- Date: 17–23 March
- Edition: 2nd
- Surface: Clay
- Location: Asunción, Paraguay

Champions

Singles
- Emilio Nava

Doubles
- Vasil Kirkov / Matías Soto
| Paraguay Open |

= 2025 Paraguay Open =

The 2025 Paraguay Open, known as the Paraguay Open Babolat, was a professional tennis tournament played on clay courts. It was the second edition of the tournament which was part of the 2025 ATP Challenger Tour. It took place in Asunción, Paraguay between 17 and 23 March 2025.

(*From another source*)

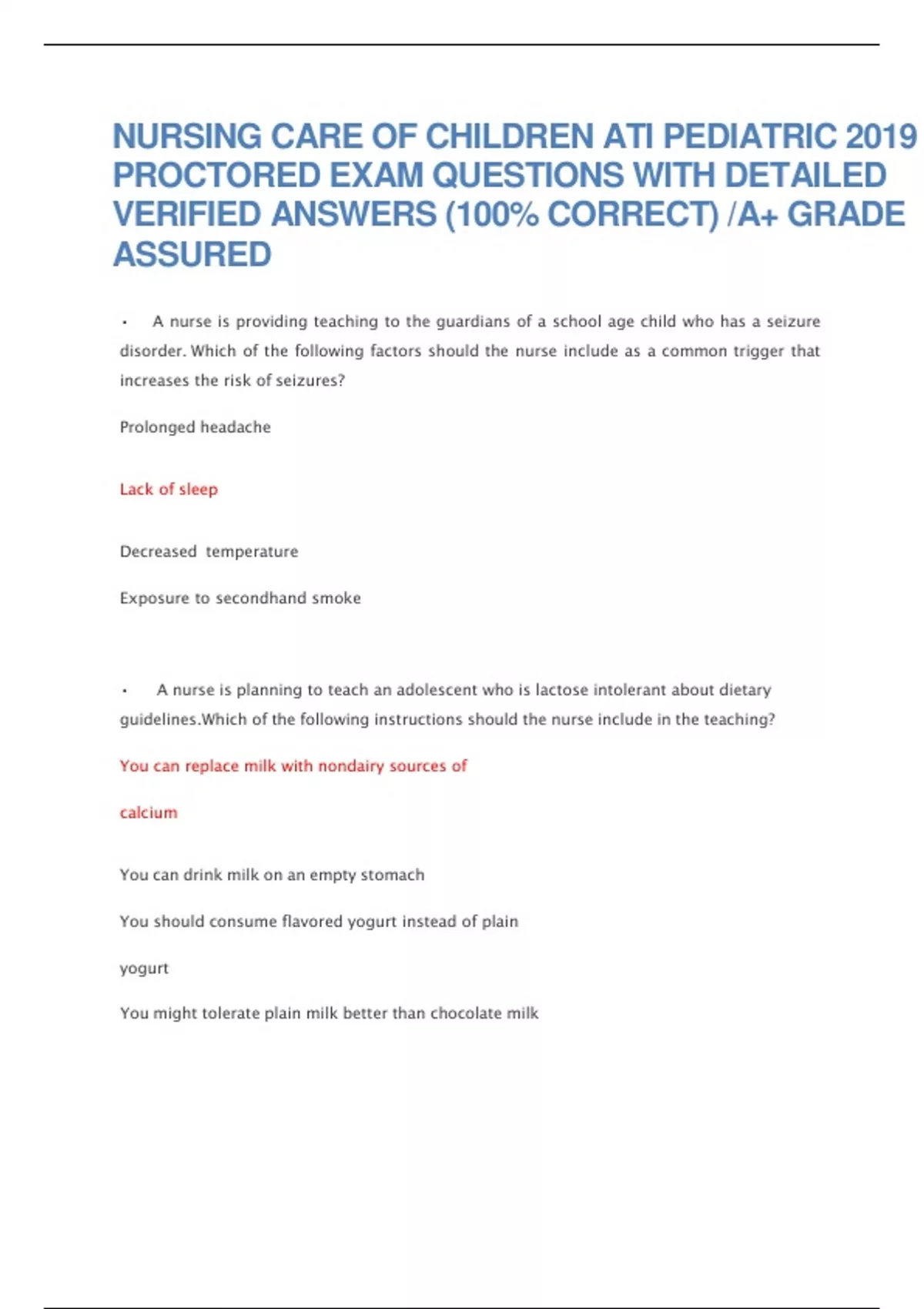 NURSING CARE OF CHILDREN ATI PEDIATRIC 2019 PROCTORED EXAM QUESTIONS WITH DETAILED VERIFIED ANSWERS (100% CORRECT) A+ GRADE ASSURED
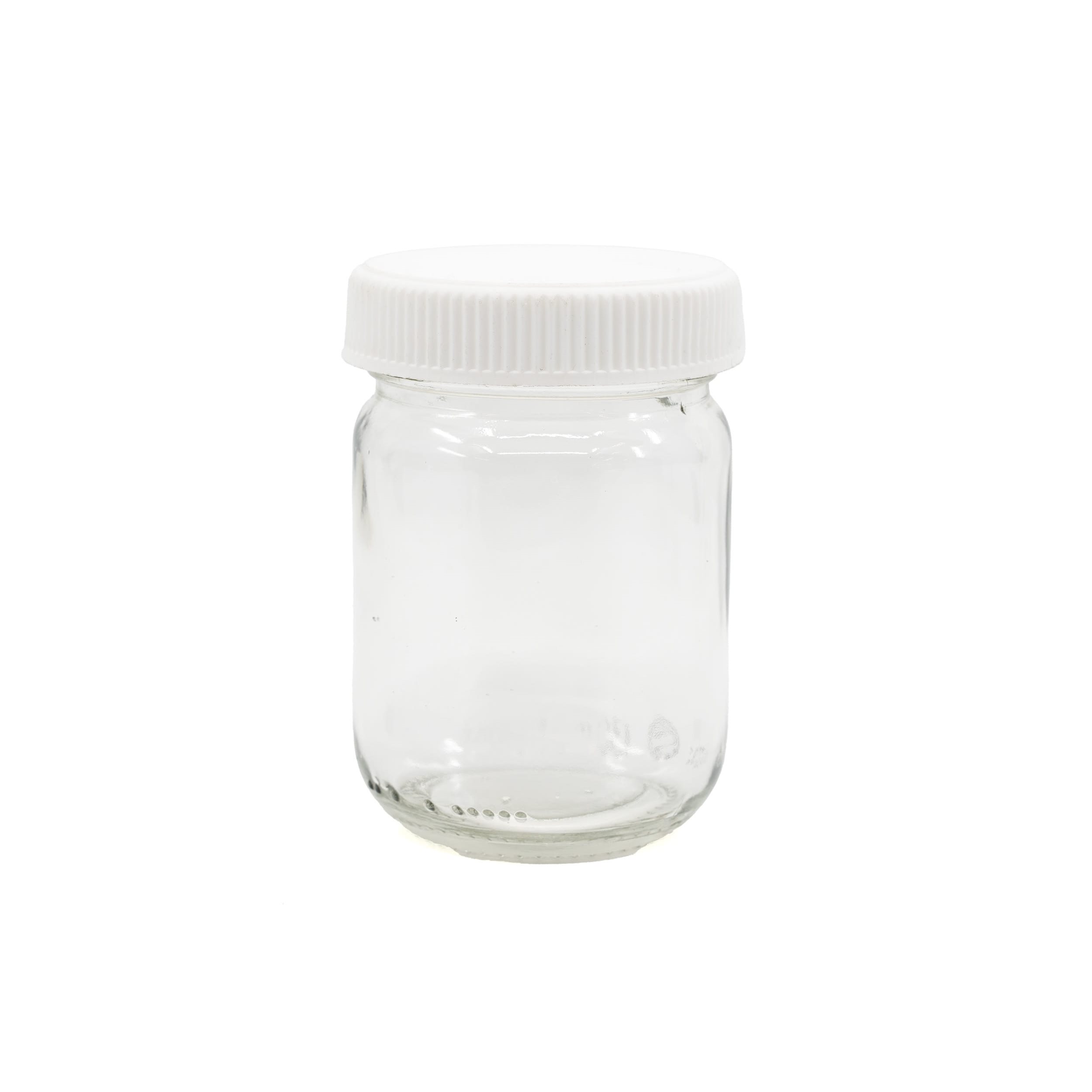 Szklana butelka z szeroką szyjką 130 ml z białym plastikowym nakrętką

==Singles main draw entrants==
===Seeds===

| Country | Player | Rank^{1} | Seed |
|---|---|---|---|
| BRA | Thiago Monteiro | 105 | 1 |
| COL | Daniel Elahi Galán | 123 | 2 |
| ARG | Román Andrés Burruchaga | 136 | 3 |
| CHI | Tomás Barrios Vera | 153 | 4 |
| ARG | Facundo Mena | 188 | 5 |
| PAR | Daniel Vallejo | 195 | 6 |
| PER | Juan Pablo Varillas | 198 | 7 |
| BOL | Murkel Dellien | 199 | 8 |

- ^{1} Rankings are as of 3 March 2025.

===Other entrants===
The following players received wildcards into the singles main draw:
- BRA Pedro Boscardin Dias
- PAR Hernando José Escurra Isnardi
- PAR Santino Núñez

The following players received entry from the qualifying draw:
- USA Felix Corwin
- BRA Gustavo Ribeiro de Almeida
- PER Conner Huertas del Pino
- ARG Mariano Kestelboim
- ARG Lorenzo Joaquín Rodríguez
- CHI Benjamín Torrealba

The following player received entry as a lucky loser:
- BRA Igor Gimenez

==Champions==
===Singles===

- USA Emilio Nava def. BRA Thiago Monteiro 7–5, 6–3.

===Doubles===

- USA Vasil Kirkov / CHI Matías Soto def. ARG Guillermo Durán / ARG Mariano Kestelboim 6–3, 6–4.